• **PROVIDED MATERIAL**
————
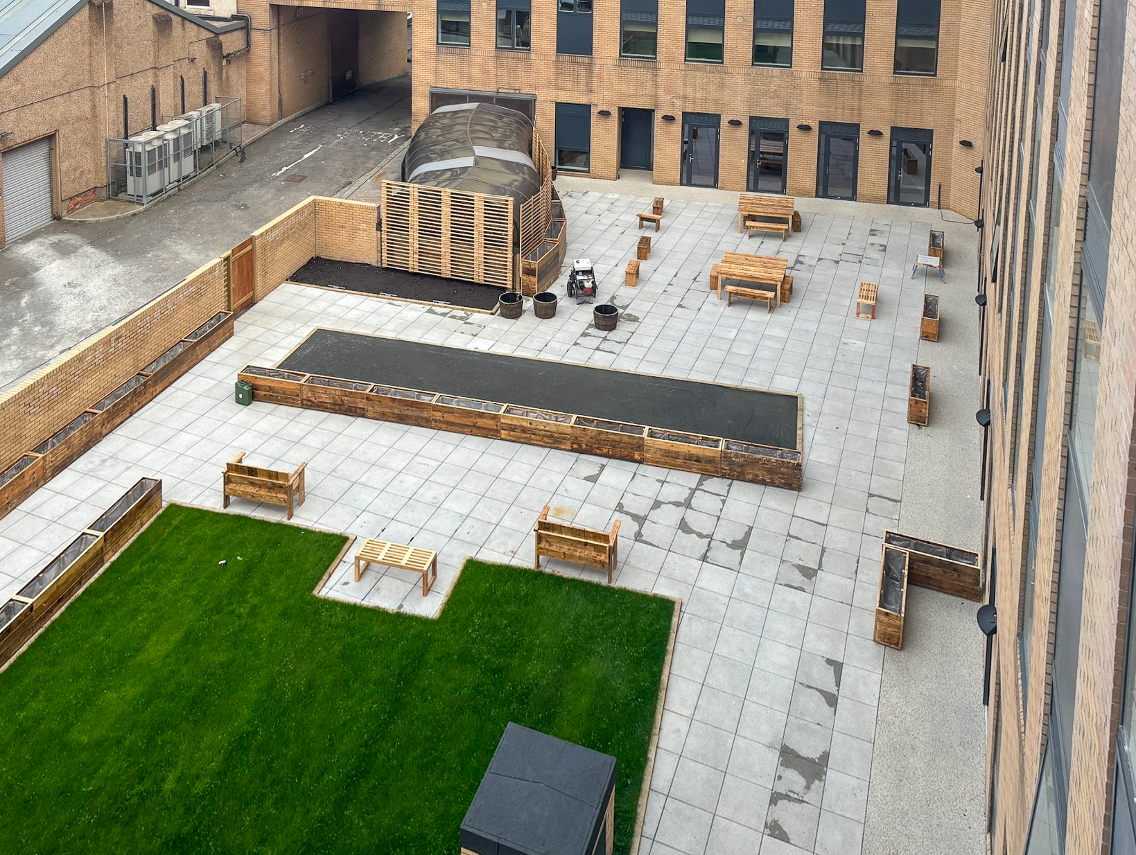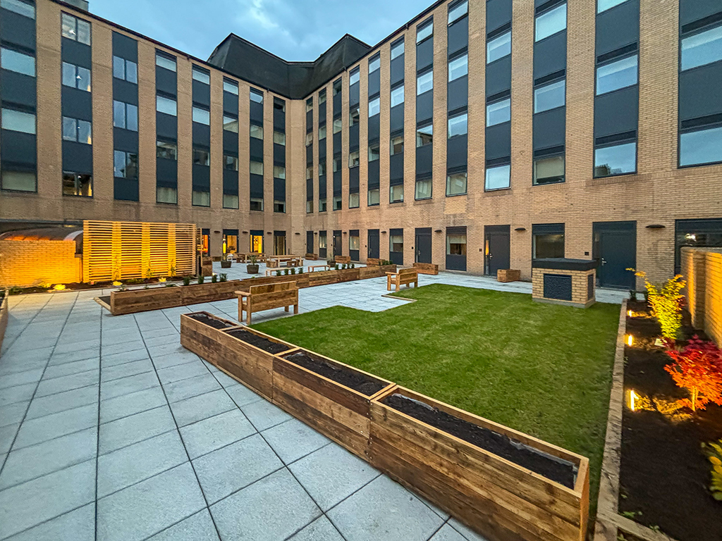 Dalian House features a striking contemporary industrial design, with open ceilings in black-painted corridors exposing coloured pipes and wiring and concrete floors treated for durability. The building’s exterior has been revitalized with new glazing and landscaping, creating an inviting atmosphere. Additionally, a communal garden above the car park provides a serene urban retreat for residents.
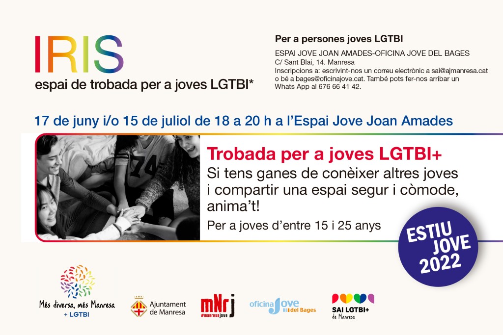 L’Espai Iris està organitzat pel Servei d’Atenció Integral (SAI) LGTBI de l’Ajuntament de Manresa i per l’Oficina Jove del Bages. Hi poden participar joves LGTBI+ de la comarca, d’entre 14 i 25 anys, que tinguin ganes de generar xarxa i compartir experiències. L’Iris pretén ser un espai d’interacció i de trobada lliure. Enguany, a més, comptarà amb una persona dinamitzadora per tal de generar dinàmiques de coneixença entre els participants i resoldre dubtes que es puguin plantejar al voltant de les diversitats afectives, sexuals i de gènere.
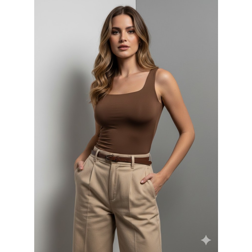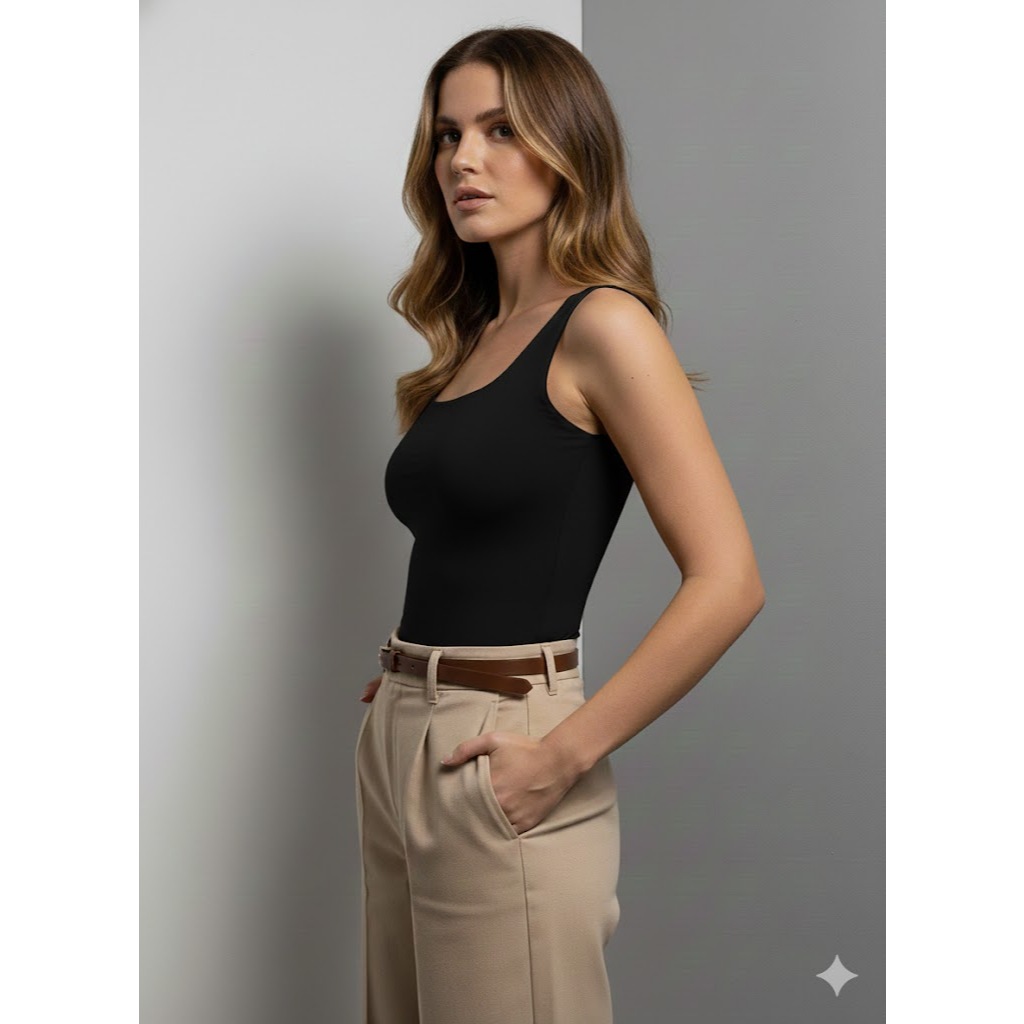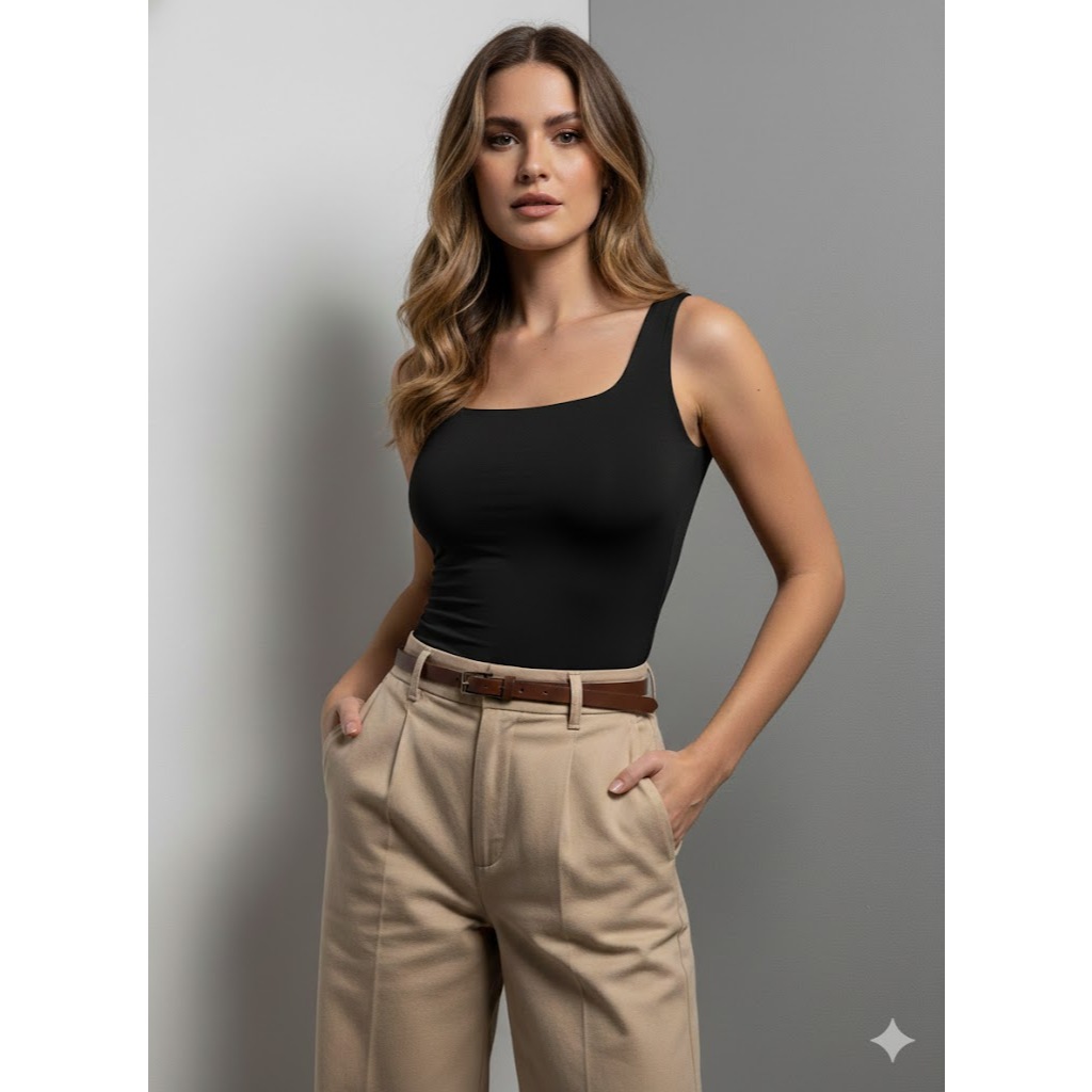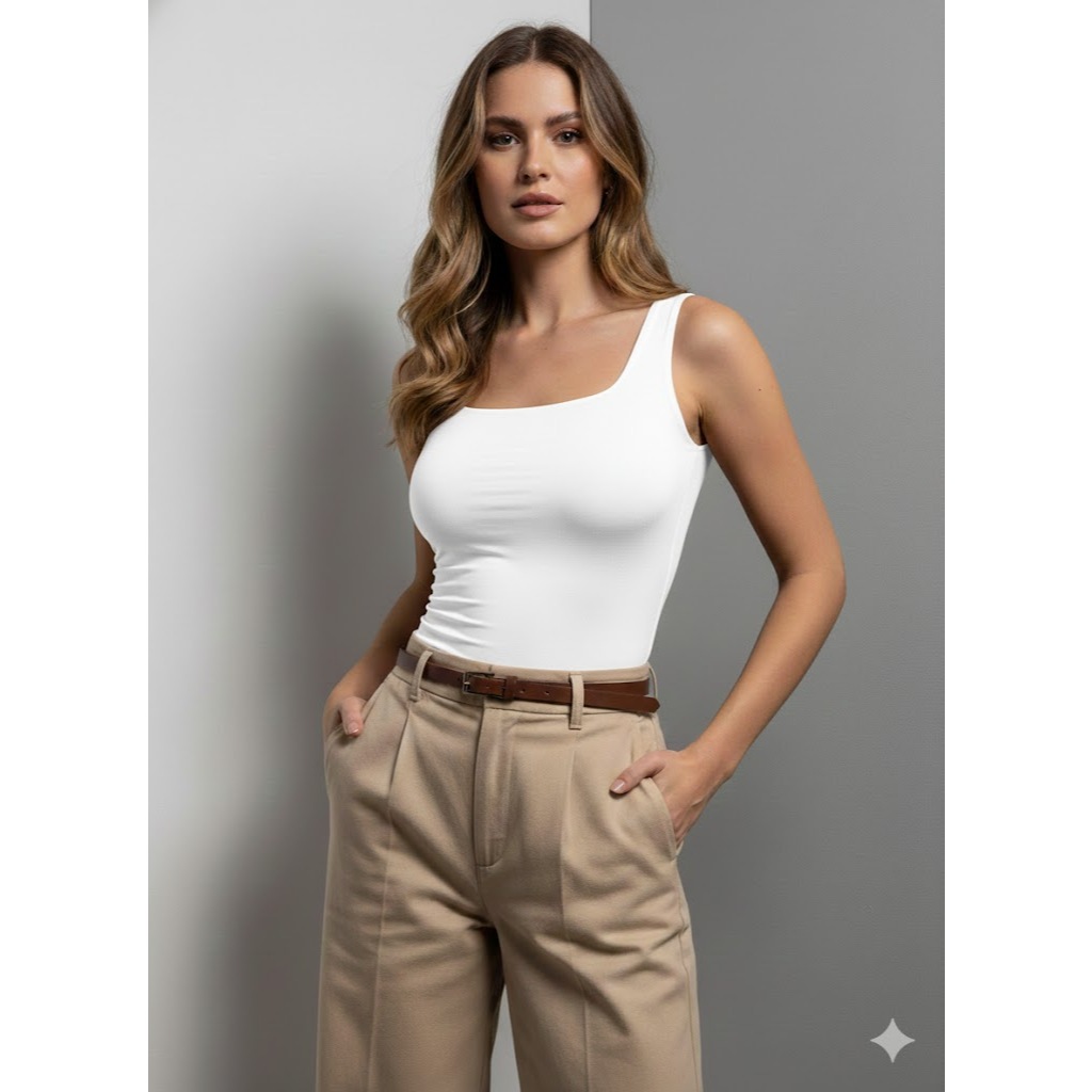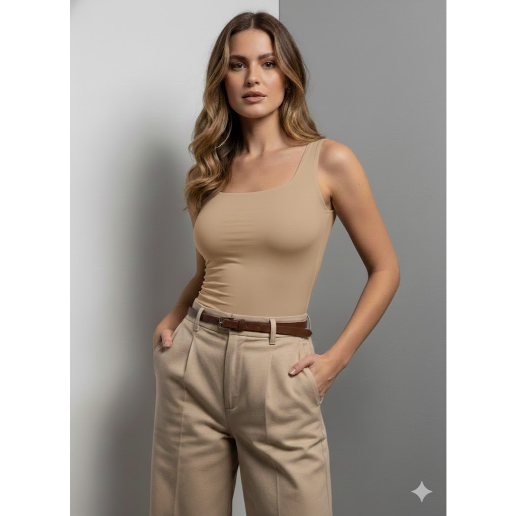 Kit 2 Regata Feminina Gola Quadrada Suplex Premium Não Fica Transparente
————
• **TASK ITEM**
Write the material out again word for word and omit any images.

• **ANSWER BOX**
 Dalian House features a striking contemporary industrial design, with open ceilings in black-painted corridors exposing coloured pipes and wiring and concrete floors treated for durability. The building’s exterior has been revitalized with new glazing and landscaping, creating an inviting atmosphere. Additionally, a communal garden above the car park provides a serene urban retreat for residents.
 L’Espai Iris està organitzat pel Servei d’Atenció Integral (SAI) LGTBI de l’Ajuntament de Manresa i per l’Oficina Jove del Bages. Hi poden participar joves LGTBI+ de la comarca, d’entre 14 i 25 anys, que tinguin ganes de generar xarxa i compartir experiències. L’Iris pretén ser un espai d’interacció i de trobada lliure. Enguany, a més, comptarà amb una persona dinamitzadora per tal de generar dinàmiques de coneixença entre els participants i resoldre dubtes que es puguin plantejar al voltant de les diversitats afectives, sexuals i de gènere.
 Kit 2 Regata Feminina Gola Quadrada Suplex Premium Não Fica Transparente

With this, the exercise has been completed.